3. Notice may be taken of judicially cognizable facts and generally recognized technical or scientific facts within the board's knowledge. Parties shall be notified either before or during the hearing of the material noticed or sought by a party to be noticed, and they shall be afforded an opportunity to contest the material so noticed. The board's experience, technical competence and knowledge may be utilized in the evaluation of the evidence.
4. Any member of the board serving as presiding officer in an adjudication hearing shall have the power to and shall administer oaths or affirmations to all witnesses appearing to give testimony, shall regulate the course of the hearing, set the time and place of continued hearings, fix the time for the filing of briefs and other documents, if they are required or requested, and may direct the parties to appear and confer to consider simplification of the issues.
5. Except as otherwise governed by the provision of these rules, adjudication hearings before the board shall be governed by the Louisiana Code of Evidence, insofar as the same may be applied.
Y. The board may make informal disposition, by default, consent order, agreement, settlement or otherwise of any adjudication pending before it. A consent order shall be considered by the board only upon the recommendation of the investigating officer.
Z.
1. The final decision of the board in an adjudication proceeding shall, if adverse to the respondent, and otherwise may be, in writing, shall include findings of fact and conclusions of law, and shall be signed by the presiding officer of the hearing panel on behalf and in the name of the board.
2. Upon issuance of a final decision, a certified copy thereof shall promptly be served upon respondent's counsel of record, or upon respondent personally in the absence of counsel, in the same manner of service prescribed with respect to service of administrative complaints.
AA.
1. A decision by the board in a case of adjudication shall be subject to rehearing, reopening, or reconsideration by the board pursuant to written motion filed with the board within 10 days from service of the decision on respondent or on its own motion. A motion for rehearing, reopening, or reconsideration shall be made and served in the form and manner prescribed by §304. Q and shall set forth the grounds upon which such motion is based, as provided by Subsection B of this Section.
2. The board may grant rehearing, reopening, or reconsideration if it is shown that:
a. the decision is clearly contrary to the law and the evidence;
b. the respondent has discovered since the hearing evidence important to the issues which he or she could not have with due diligence obtained before or during the hearing;
c. other issues not previously considered ought to be examined in order properly to dispose of the matter; or
d. there exists other good grounds for further consideration of the issues and the evidence in the public interest.
BB. Pursuant to R.S. 34:945(C)(3), the board of examiners shall have the authority to impose a fine of not more than $500 on any bar pilot, to reprimand or remove from a vessel any bar pilot, or to recommend to the governor that the commission of any bar pilot be suspended or revoked, if after a hearing conducted in accordance with these rules and regulations and the Administrative Procedure Act a bar pilot is found in violation of any rule or regulation adopted by the board of examiners.
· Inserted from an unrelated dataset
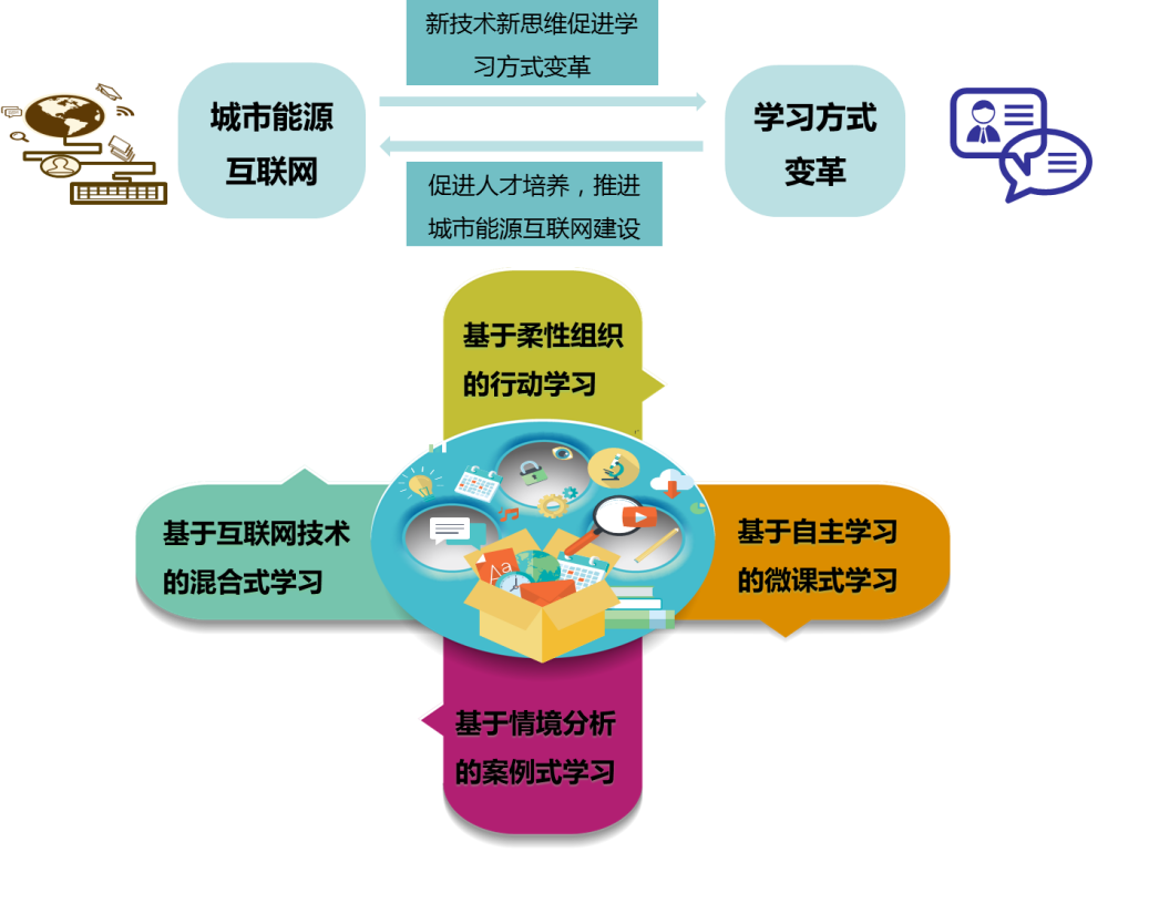 针对当前公司班组及员工的学习模式及现状,电力公司培训中心项目组在新型学习方式开发与实施过程中,构建适应柔性化、扁平化、无边界组织的学习方式,形成班组学习与员工学习的共同体,突出以自主、合作、探究为核心理念,相对于过去的“被动、机械学习”提出高质量的“行动学习”,相对于过去的“个体学习”提出“合作小组行动学习”,相对于过去的“接收学习”提出“探究学习”,最终形成灵活性更强微课式学习、结合情境分析的案例学习、基于柔性组织的行动学习和基于能源互联网+的混合式学习,并将多种学习方式进行系统地梳理与甄别,确立学习方式的统一实施标准,保证学习效果。总体思路如图所示:

CC. The authority established in these rules is in addition to and in no way limits the authority of the board to seek to remove or to remove a pilot from a vessel pursuant to the provisions of R.S. 34: 947 and RS. 49:961(C).

La. Admin. Code tit. 46, § LXX-304

Promulgated by Office of the Governor, Board of Examiners of Bar Pilots for the Port of New Orleans, LR 29:352 (March 2003), amended LR 29:2059 (October 2003).
AUTHORITY NOTE: Promulgated in accordance with R.S. 34:945.C.1.